The conventional calculation of the standard deviation of a data set is represented by the equations: SD=Σ(x_i−x_mean)²/(n−1). FIG. 1 illustrates a histogram of the distribution of ten thousand (10000) data samples that was generated such that the true standard deviation of the data samples was two (2). Each data sample was generated from a set of ninety-nine (99) random numbers with a mean of one hundred (100) and a standard deviation of two (2) and one random number with a mean of one hundred (100) and a standard deviation of ten (10). This histogram has a mean (which is equal to the square root of the average standard deviation squared) of 2.23, a mode of approximately 2.06, and a range from 1.53 to 4.46 with a magnitude of 2.93.

In assessing the performance of measurement instrumentation and other instances where statistical probabilities are employed, it is sometimes useful to determine the standard deviation of measured data points. However, because of the nature of measurement instruments and measure data, stray data points are sometimes measured. These stray data points are measurements that may be polluted or erroneous and thus significantly diverge from the rest of the measurements.

SUMMARY OF THE INVENTION

One embodiment of the invention provides a method for determining the standard deviations of a data sample. The method considers the distribution of the data in the context of cumulative probability. The empirical probability of a plurality of values is determined. The quantiles of the normal distribution for each empirical probability is then obtained. A robust linear regression of the quantiles versus the plurality of values is performed to obtain a standard deviation. The inverse of the slope of the robust linear regression serves as an estimate of the standard deviation.

One embodiment of the invention provides a method for determining a standard deviation of a set of values by (a) obtaining a plurality of values, (b) determining the empirical probability of each of the plurality of values, (c) determining the quantiles of the normal distribution for each empirical probability, and (d) performing a robust linear regression of the quantiles versus the plurality of values to obtain a standard deviation. The slope of the robust linear regression is obtained and the inverse of the slope serves as an estimate of the standard deviation.
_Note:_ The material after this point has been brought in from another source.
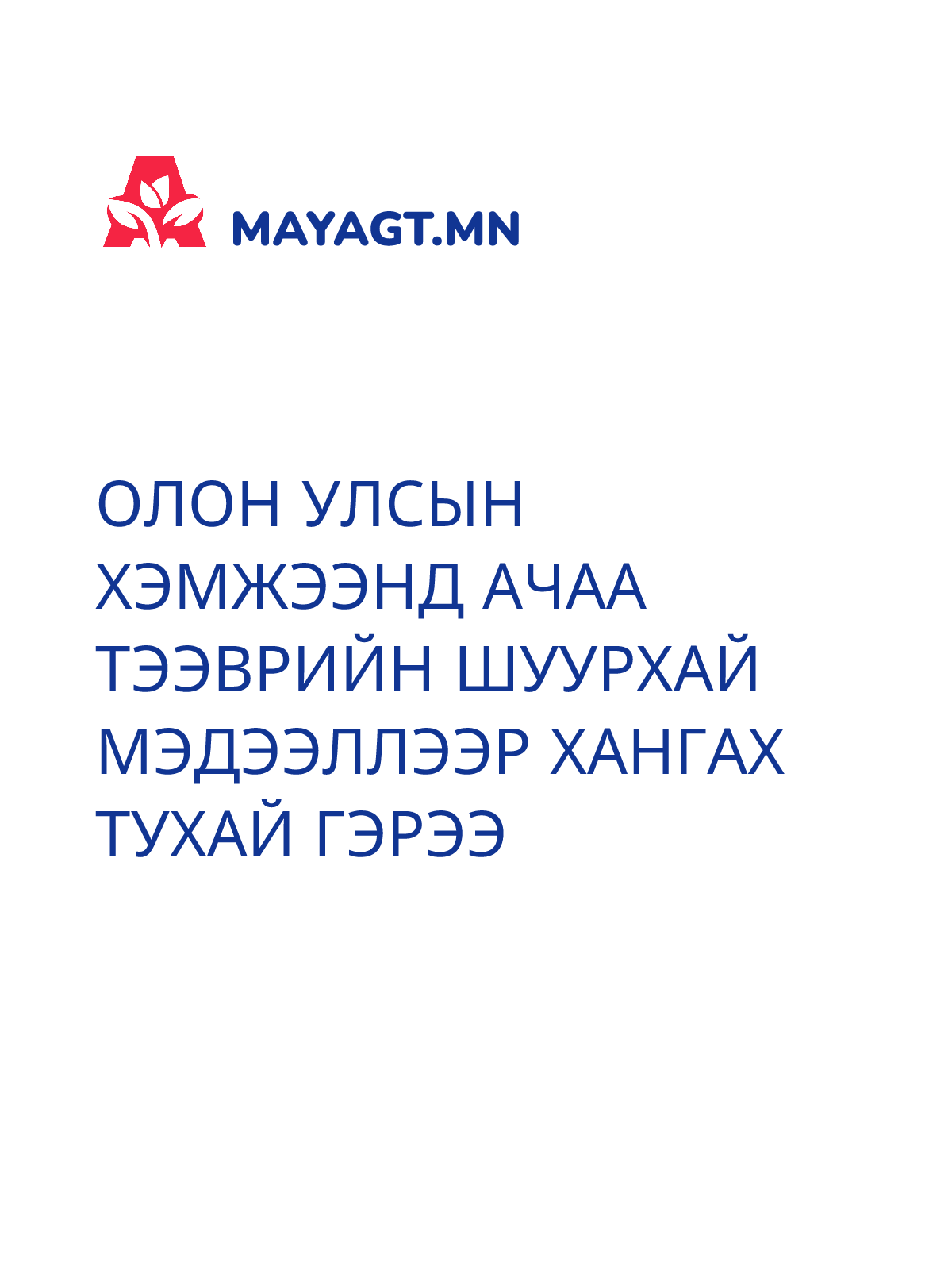 ОЛОН УЛСЫН ХЭМЖЭЭНД АЧАА ТЭЭВРИЙН ШУУРХАЙ МЭДЭЭЛЛЭЭР ХАНГАХ ТУХАЙ ГЭРЭЭ

BRIEF DESCRIPTION OF THE DRAWINGS

FIG. 1 illustrates a histogram of the distribution of ten thousand (10000) standard deviations that were generated. Each standard deviation was determined using the traditional method. The true standard deviation of each data sample was two (2).

FIG. 2 illustrates another histogram of standard deviations for ten thousand data samples. These standard deviations were determined using an existing robust estimation method.

FIG. 3 illustrates a method of linearizing data points and applying a linear regression to obtain a more accurate standard deviation of the data points according to one embodiment of the invention.

FIG. 4 illustrates a cumulative probability plot of data points versus their corresponding quantiles according to one embodiment of the invention.

FIG. 5 illustrates a histogram of standard deviations for ten thousand data samples determined according to the method described in FIG. 3.

DETAILED DESCRIPTION

In the following description numerous specific details are set forth in order to provide a thorough understanding of the invention. However, one skilled in the art would recognize that the invention might be practiced without these specific details. In other instances, well known methods, procedures, and/or components have not been described in detail so as not to unnecessarily obscure aspects of the invention.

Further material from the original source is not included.